**TASK**
Transcribe the records below from the first line to the line that includes "Sudadera entallada de", inclusive, and omit the pictures.

[Extracted records]
>>>>>
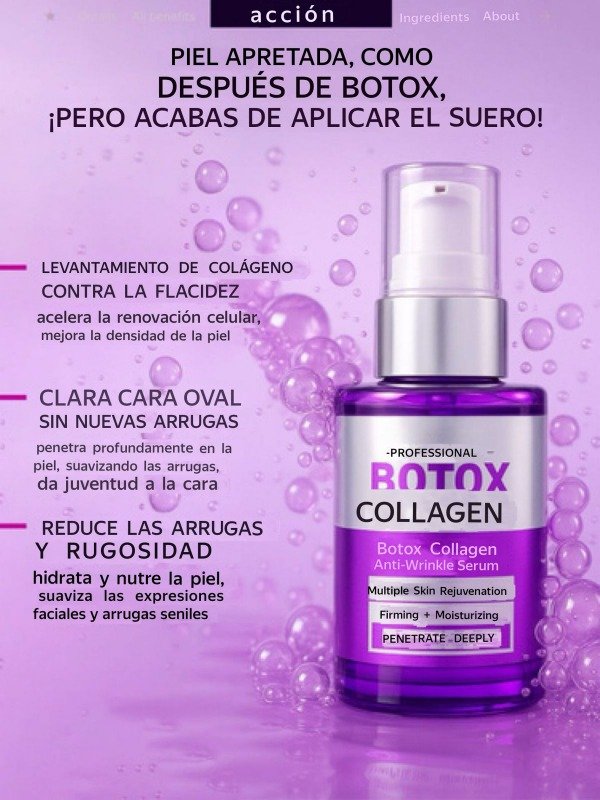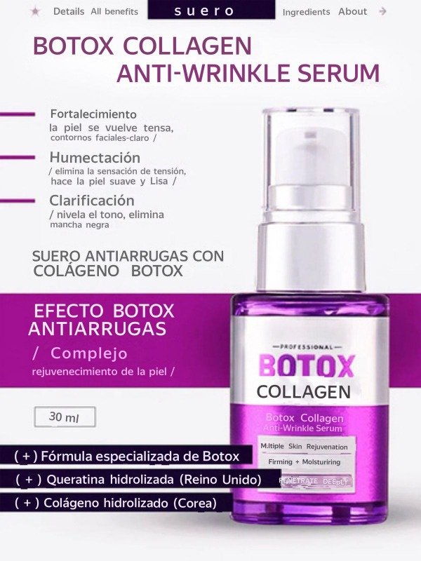👉 No contiene toxina botulínica inyectable. Producto cosmético de uso tópico.
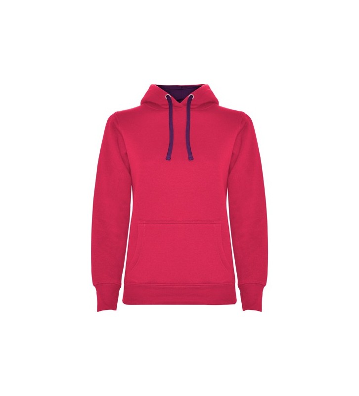 Sudadera entallada de corte femenino con capucha bicolor de doble tejido, con cordón contrastado ajustable.
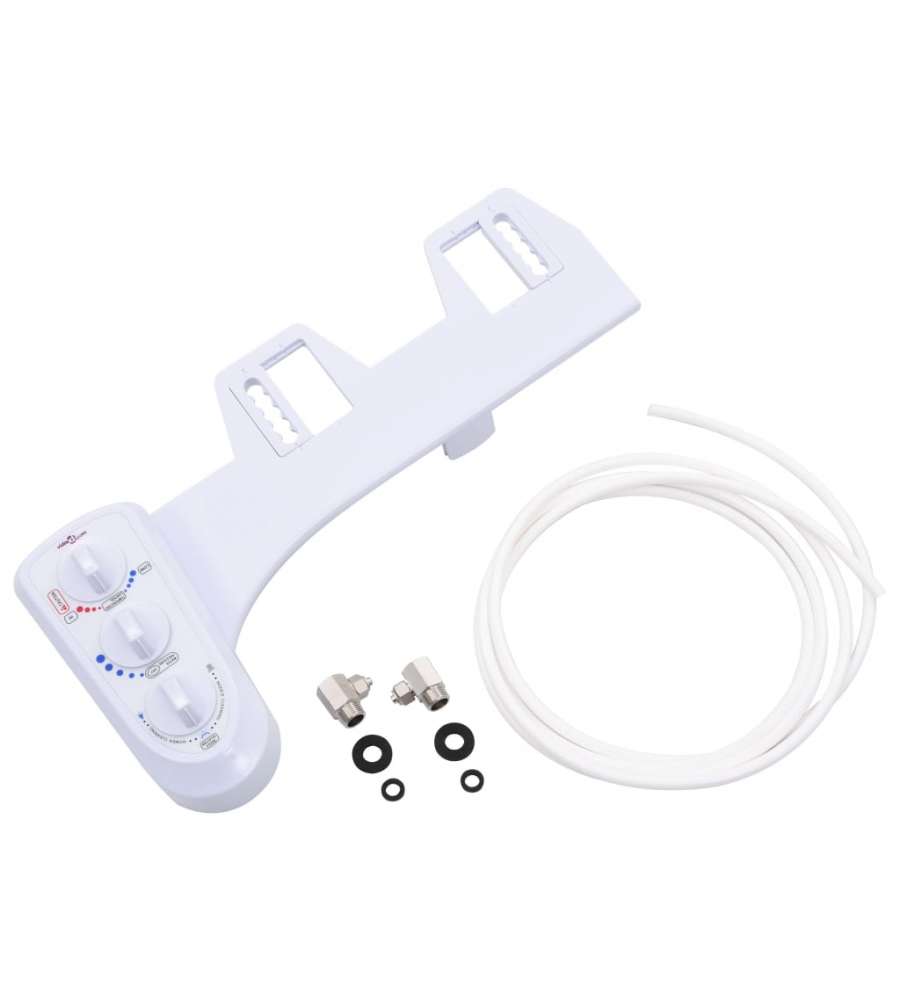 Questo bidet, con sistema di fissaggio per tavoletta del WC, migliora l'igiene personale e aiuta a prevenire le emorroidi. Inoltre, riduce il consumo di carta igienica. La caratteristica più interessante di questo accessorio per il bagno è che funziona senza elettricità ed è molto facile da installare. Questo bidet è dotato di doppi ugelli autopulenti, uno dei quali è stato appositamente progettato per le donne. La pressione e la temperatura dell'acqua possono essere regolati secondo le proprie esigenze.
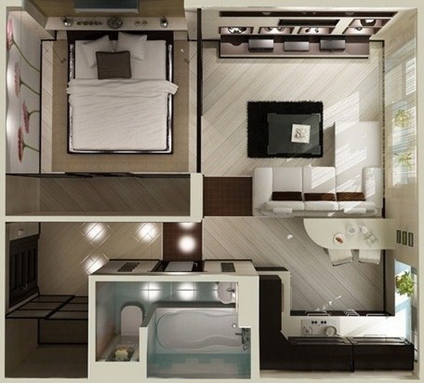 Tout le monde veut vivre dans un appartement confortable et agréable, où tout est fait avec goût, et tous les objets sont en harmonie les uns avec les autres, créant ensemble un seul espace élégant. Et si dans les appartements spacieux ce n'est pas si difficile, alors les miniatures devront travailler dur. Les concepteurs déclarent à l'unanimité que plus l'appartement est petit, plus il est difficile de l'équiper correctement, et lors de l'élaboration des projets et des plans, chaque millimètre est pris en compte, car vous devez aménager tous les espaces nécessaires à la vie, sans oublier les lieux de stockage, les décorations et autres éléments.
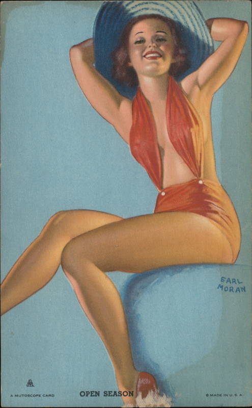 EARL MORAN A MUTOSCOPE CARD OPEN SEASON CMADE IN U.S. A.
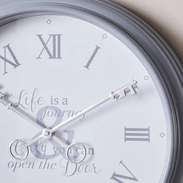 Update your walls with this stylish, grey clock. Designed with an inspiring and uplifting quote in the middle, this clock features interesting key shaped hands with a 12-hour display and easy to read roman numerals, perfect for adding the finishing touch to a range of rooms.
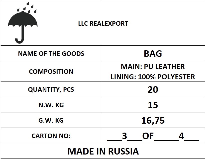 | Дополнительная упаковка и маркировка | 3 000,00 р. |
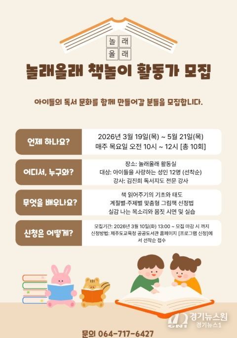 [경기뉴스원/경기뉴스1] | 제주도교육청 제주도서관은 19일부터 성인을 대상으로 전문적인 책놀이 활동가 양성을 위한 ‘놀래올래 책놀이 활동가 교육’ 프로그램을 운영한다.
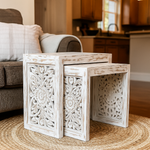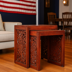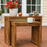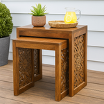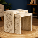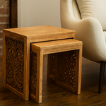 Perfect for both classic and contemporary interiors, this elegant set of 2 nesting tables adds a luxurious yet natural touch to any room. The detailed hand-carved patterns reflect the skill of our artisans, making every piece a unique work of art.
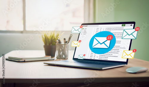 Wall mural new email alert on laptop, communication connection message to global letters in the workplace. - Wall murals Wall mural new email alert on laptop, communication connection message to global letters in the workplace. - Wall murals
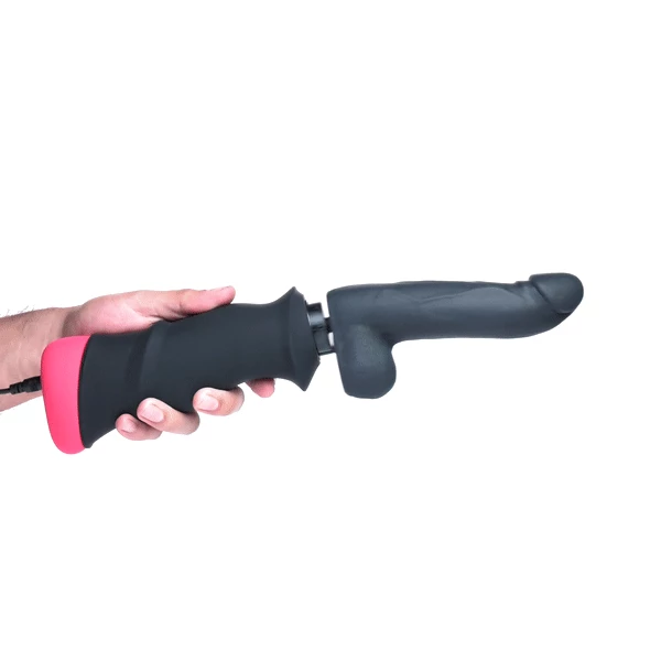 The dildo of this hand-held fucking machine is made of premium silicone for a body-safe and worry-free pounding. This material is non-porous and phthalate-free. Clean after use with mild soap or a toy cleaner. Avoid use with silicone lubricants.
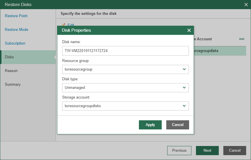 Veeam Backup for Microsoft Azure will display the Disk Properties window.
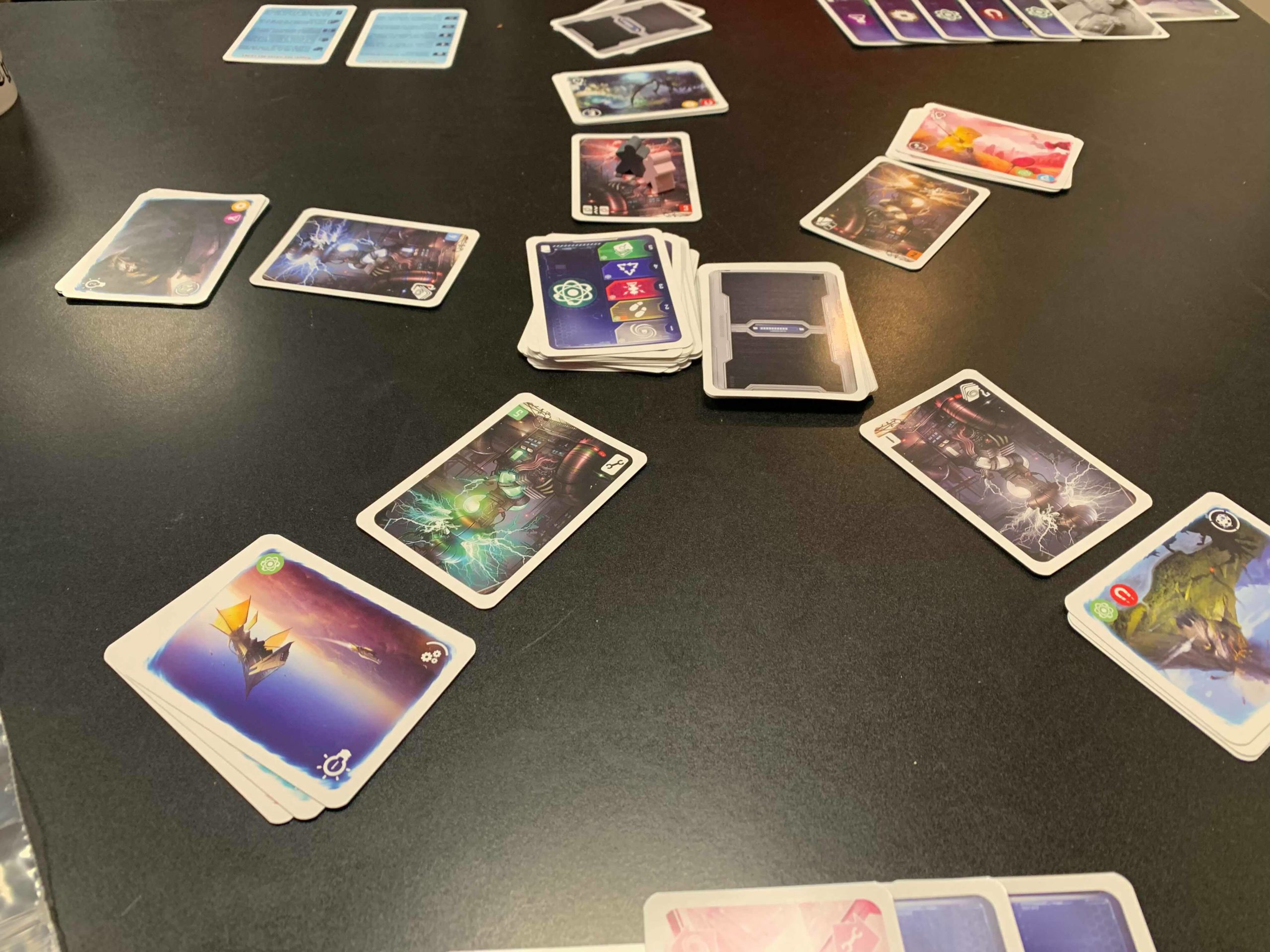 En solo le jeu devient nerveux et rapide. L’IA va récupérer 2 cartes par tour et si elle valide un portail ou elle se trouve elle le scelle et passe au transformateur suivant.
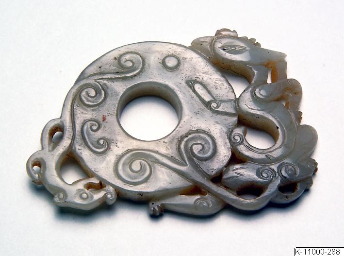 Ornament av jade i genombrutet arbete. På föremålet finns numret “489” skrivet i svart färg. Från låda märkt “Jader Ej gammalt (Diverse ej jader)”.
<<<<<
**EXERCISE RESULT**
👉 No contiene toxina botulínica inyectable. Producto cosmético de uso tópico.
 Sudadera entallada de corte femenino con capucha bicolor de doble tejido, con cordón contrastado ajustable.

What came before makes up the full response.